As of writing, the Supreme Court has issued two sets of writs of amparo and habeas data to the NUPL and Karapatan, which both complained of red-tagging by the Duterte government.
The Court of Appeals (CA) is tasked to decide the case further – whether to grant the two groups protection orders from the army, which would look like restraining orders.
“Kami po ay pumunta sa Korte para humingi ng legal protection dahil ang mga threats, ang direct statements po ng Pangulo laban sa Karapatan, ng mga military officials, ay tingin namin, hindi simpleng salita. Ito po ay nagkakatotoo. Kami na nga po ang pinapatay,” Karapatan Secretary General Cristina Palabay said after a CA hearing on June 18 – just 3 days after 22-year-old human rights worker Ryan Hubilla was gunned down by unknown assailants in Sorsogon.

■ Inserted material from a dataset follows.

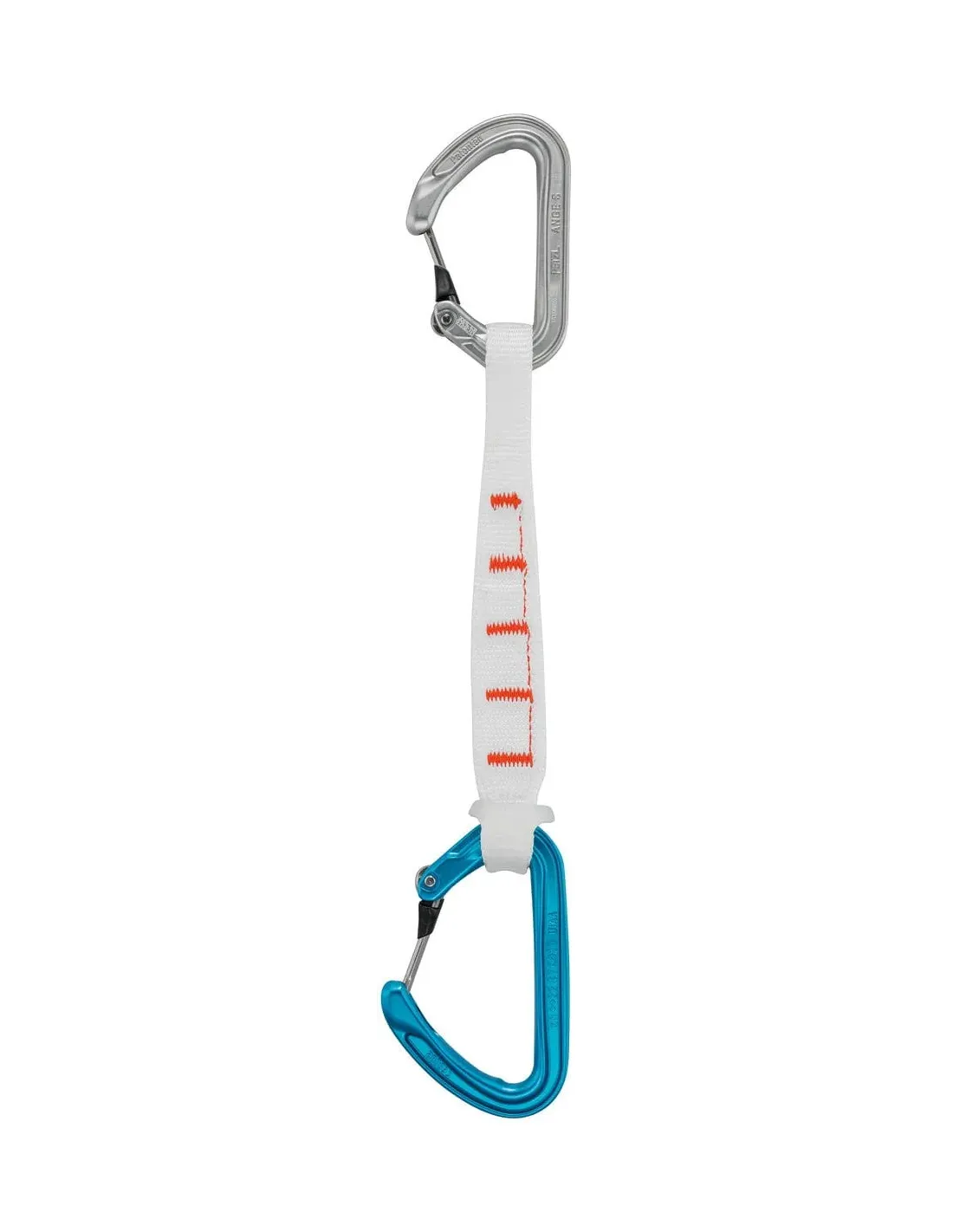 • die Laschen am unteren Ende des Karabiners helfen, die STRING an Ort und Stelle zu halten, um die Express-Schlinge besser entlang ihrer Hauptachse auszurichten

(We are going to the court to ask for legal protection because these threats, these direct statements of the President against Karapatan, of military officials, are not mere words. They have come true. We are being killed.)
Hubilla was supposed to be Karapatan’s witness in the CA hearing.
The issuance of the writs by a Supreme Court that has been criticized for handing Duterte landslide wins gave human rights groups momentum. The writs’ effects – forcing generals to come to court, and compelling an iron-fist administration to explain itself, were hailed as victories, no matter how small.
But in a disappointing turn of events for Karapatan, the appellate court denied on June 28 their request for a protection order, saying that red-tagging “has no direct relation to the circumstances of extrajudicial killings and enforced disappearances.”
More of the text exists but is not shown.